At 11/16/2011 8:46 PM, Blogger OBloodyHell said...

>>> seriously, do you have any medium term memory at all?

Dude, he's a total libtard. He got his Liberal Midnight Reset Button installed at the factory, and he's trying like hell to wear it out. Won't happen, though, that sucker is rated for 10 trillion pushes.

 
At 11/17/2011 10:02 AM, Blogger morganovich said...

bunny-

another appeal to authority without a single piece of empirical evidence.

you really are the biggest of rubes.

try actually reading it.

see if it has any data at all that is not purely assumption based and utterly subjective.

when you can find even one actual datapoint grounded in fact as opposed to assumption, post it and i'll begin to listen to you.

until then, you are just another ignoramus too stupid to add anything to the discussion.

seriously, try it.

read the reports you cite. the lack of any actual data in them will stun you (or would if you had any brains, a clearly faulty assumption).

it's all subjective assumption about quality adjustments and product substitution that has never been empirically verified in any way.

that's not science, it's religion. they start with a policy goal like reducing COLA and then make up assumptions, plug them into a model, and pretend they have verified something.

 
At 11/17/2011 4:44 PM, Blogger VangelV said...

Welcome to America's shale gas revolution.

Given the fact that most of the shale gas producers need $7.50 gas to break even and that many are abandoning shale gas in favour of liquids just how do you expect the production to continue? In your world don't economics matter?

 
At 11/17/2011 5:50 PM, Blogger VangelV said...
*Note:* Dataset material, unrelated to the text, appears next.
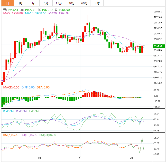 截至发稿时,金价保持在三周前的交易区间内,包括100日移动均线支撑位和自5月18日以来的小幅下行趋势线,分别接近1,940美元和1,985美元。

nat gas prices will be low for a long time.

Perhaps if you think that the economy will stay weak. But if you listen to the conference calls you find that many of the shale gas producers have to stop because they can't keep taking the huge losses. Many of them talk about 'funding gaps' and resorting to 'asset sales.' But there is no way that they can all find willing buyers or that those buyers will continue to keep drilling so that they can keep losing money. For shale gas to be viable most of the players need $7.50 gas at a minimum. Unless we get prices much higher than they are now the producers will have to stop drilling.